Pictures are not part of the copy. Write out exactly the lines from the line with "На продажу поступает" through the end of the entries below.
##### Source data
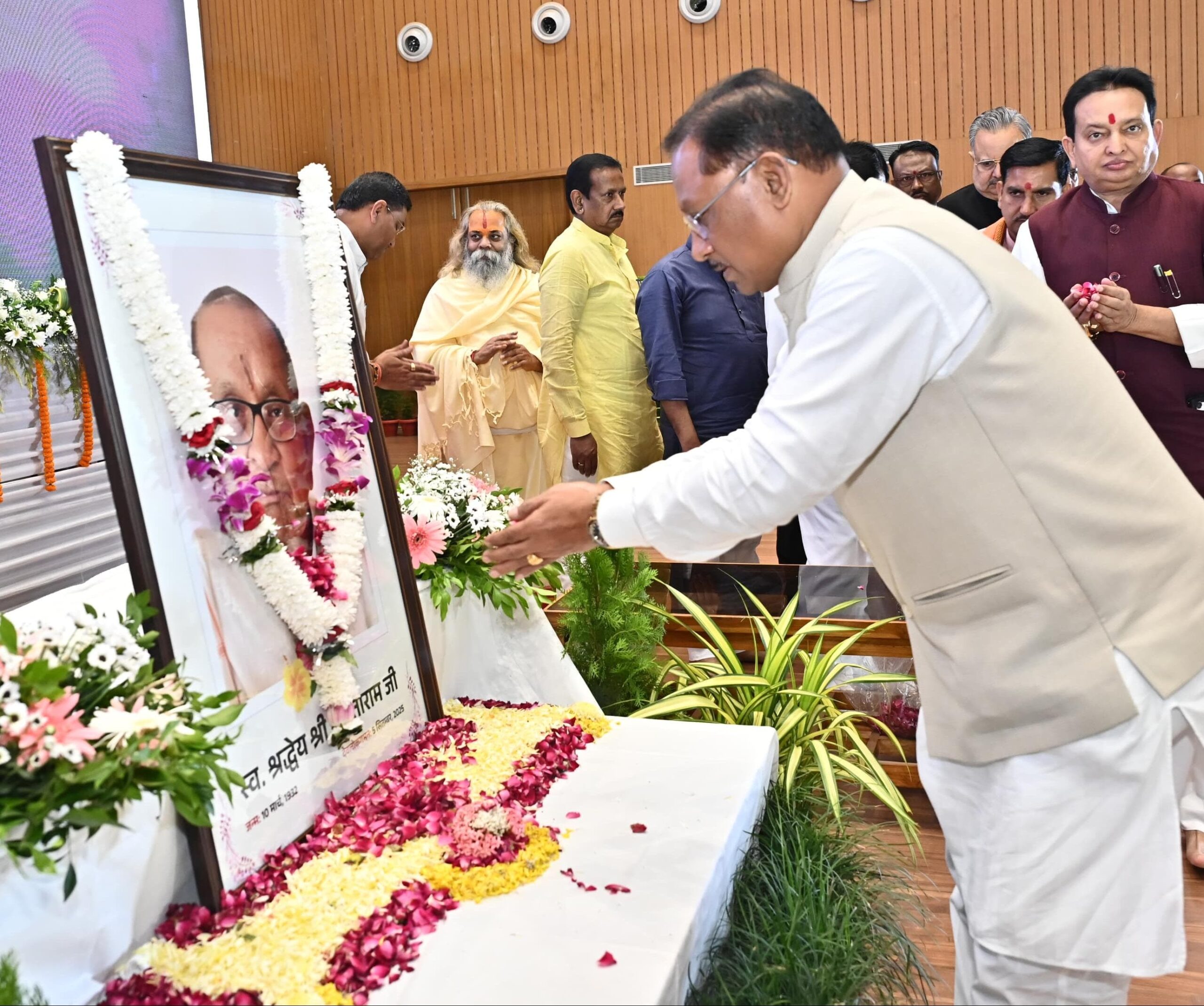 मुख्यमंत्री श्री विष्णुदेव साय राजधानी रायपुर स्थित इंदिरा गांधी कृषि विश्वविद्यालय के सभागार में आयोजित शांता राम सर्राफ जी की श्रद्धांजलि सभा में सम्मिलित हुए। मुख्यमंत्री श्री साय ने शांता राम सर्राफ जी के छायाचित्र पर पुष्पांजलि अर्पित कर उन्हें श्रद्धांजलि दी। उन्होंने ईश्वर से प्रार्थना की कि दिवंगत आत्मा को अपने श्रीचरणों में स्थान दें तथा शोकाकुल परिजनों को दुःख को सहन करने की शक्ति प्रदान करे।
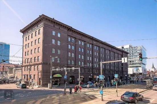 На продажу поступает действительно просторная 4-комнатная квартира в историческом здании в центре Таллинна, построенном в 1936 году по проекту архитектора Роберта Натуса. Скульптуры на фасаде являются работой О. Гольдберга. В здании есть лифт. Планировка квартиры позволяет
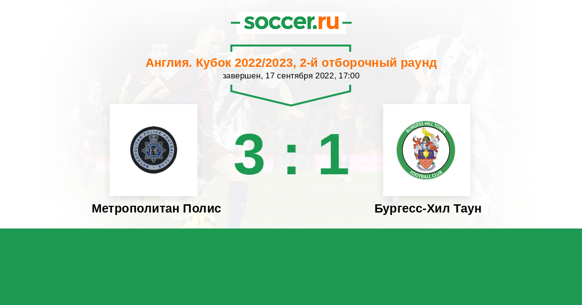 Метрополитан Полис - Бургесс-Хил Таун: обзор матча 17 сентября 2022
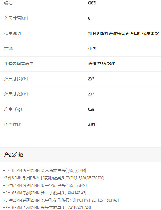產(chǎn)品名字:世達(dá)30件6.3系列手動旋具頭組套
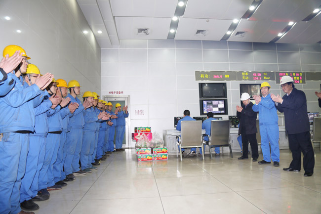 1月26日,縣長(zhǎng)郅書(shū)安帶領(lǐng)四大班子領(lǐng)導(dǎo)到發(fā)電公司慰問(wèn)一線(xiàn)員工,公司董事長(zhǎng)李躍民、總經(jīng)理郭峰等陪同。
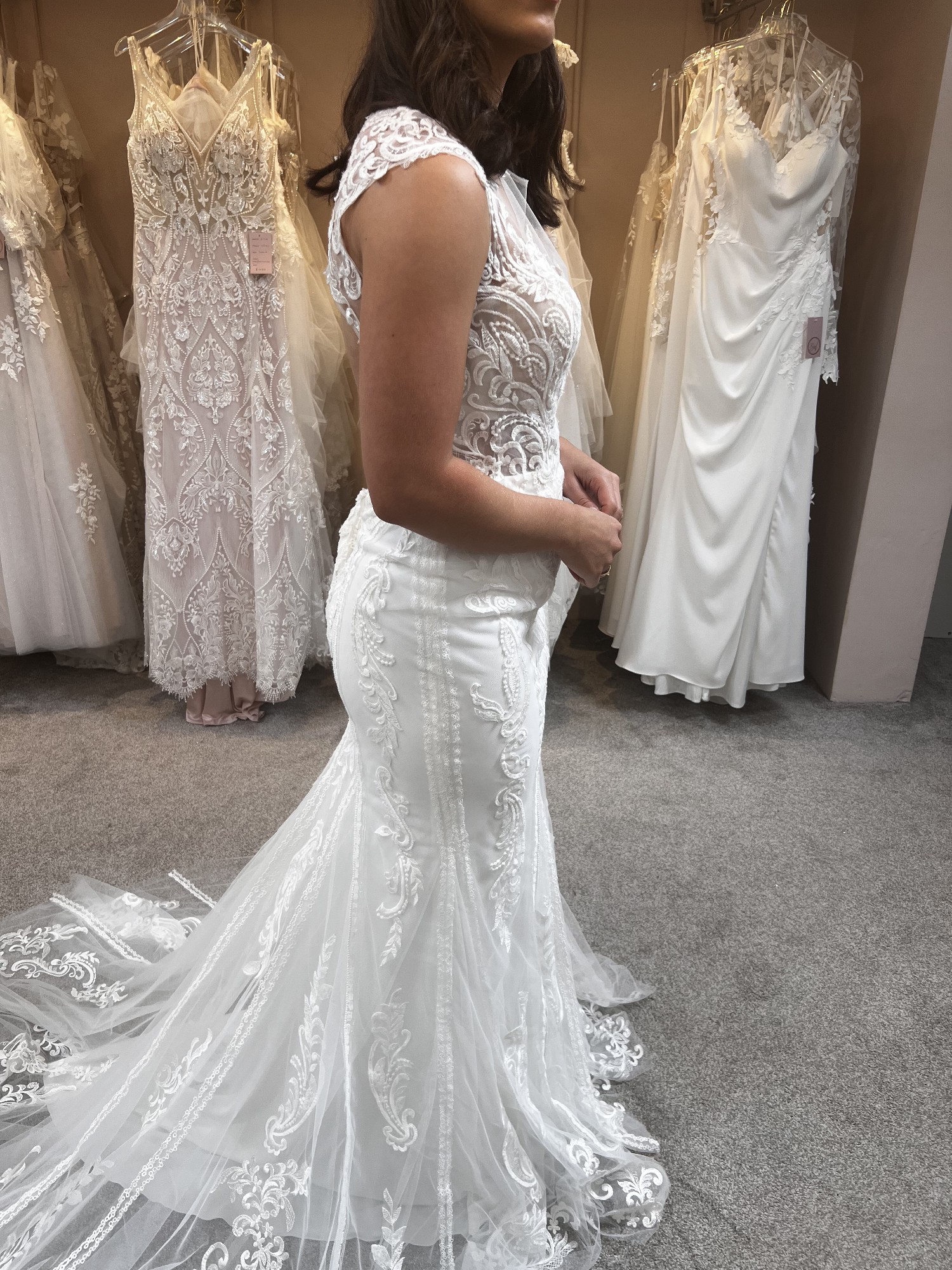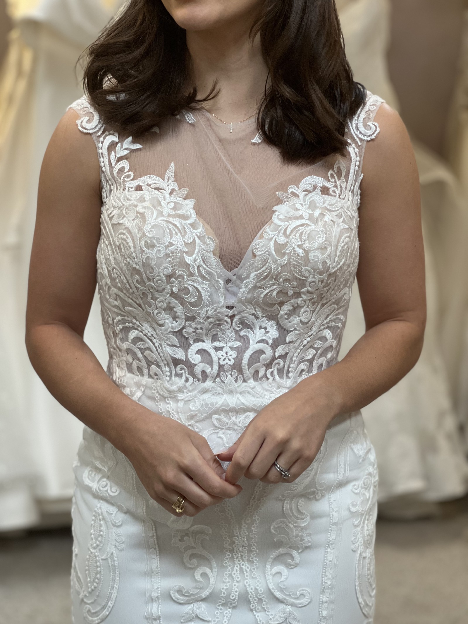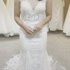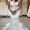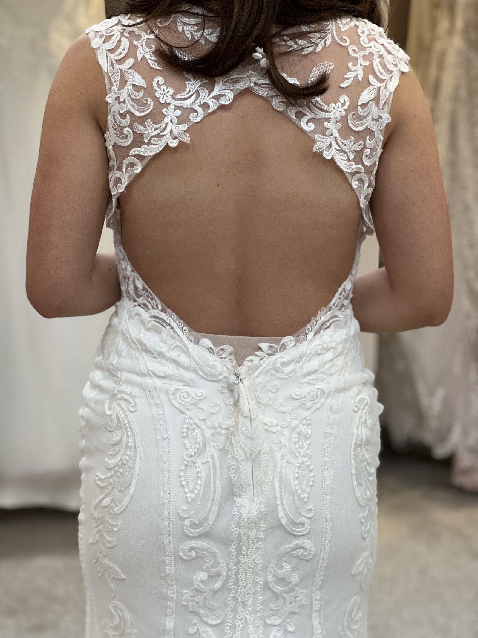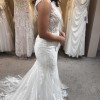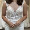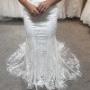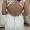 Our stunning Pronovias Retba dress has an incredible silhouette to emphasis your feminine curves. Deep keyhole back is a beautiful sexy feature of this dress. Combination of soft delicate laces creates a dreamy style, perfect for a rustic boho venue. With its sheer neckline and capped sleeves, this dress captures a delicate balance between allure and grace, while the keyhole back adds a tantalizing touch of intrigue. It's also lovely and light with unlined bodice making it just right for that beach destination wedding.
##########
__Answer to this task__.
 На продажу поступает действительно просторная 4-комнатная квартира в историческом здании в центре Таллинна, построенном в 1936 году по проекту архитектора Роберта Натуса. Скульптуры на фасаде являются работой О. Гольдберга. В здании есть лифт. Планировка квартиры позволяет
 Метрополитан Полис - Бургесс-Хил Таун: обзор матча 17 сентября 2022
產(chǎn)品名字:世達(dá)30件6.3系列手動旋具頭組套
 1月26日,縣長(zhǎng)郅書(shū)安帶領(lǐng)四大班子領(lǐng)導(dǎo)到發(fā)電公司慰問(wèn)一線(xiàn)員工,公司董事長(zhǎng)李躍民、總經(jīng)理郭峰等陪同。
 Our stunning Pronovias Retba dress has an incredible silhouette to emphasis your feminine curves. Deep keyhole back is a beautiful sexy feature of this dress. Combination of soft delicate laces creates a dreamy style, perfect for a rustic boho venue. With its sheer neckline and capped sleeves, this dress captures a delicate balance between allure and grace, while the keyhole back adds a tantalizing touch of intrigue. It's also lovely and light with unlined bodice making it just right for that beach destination wedding.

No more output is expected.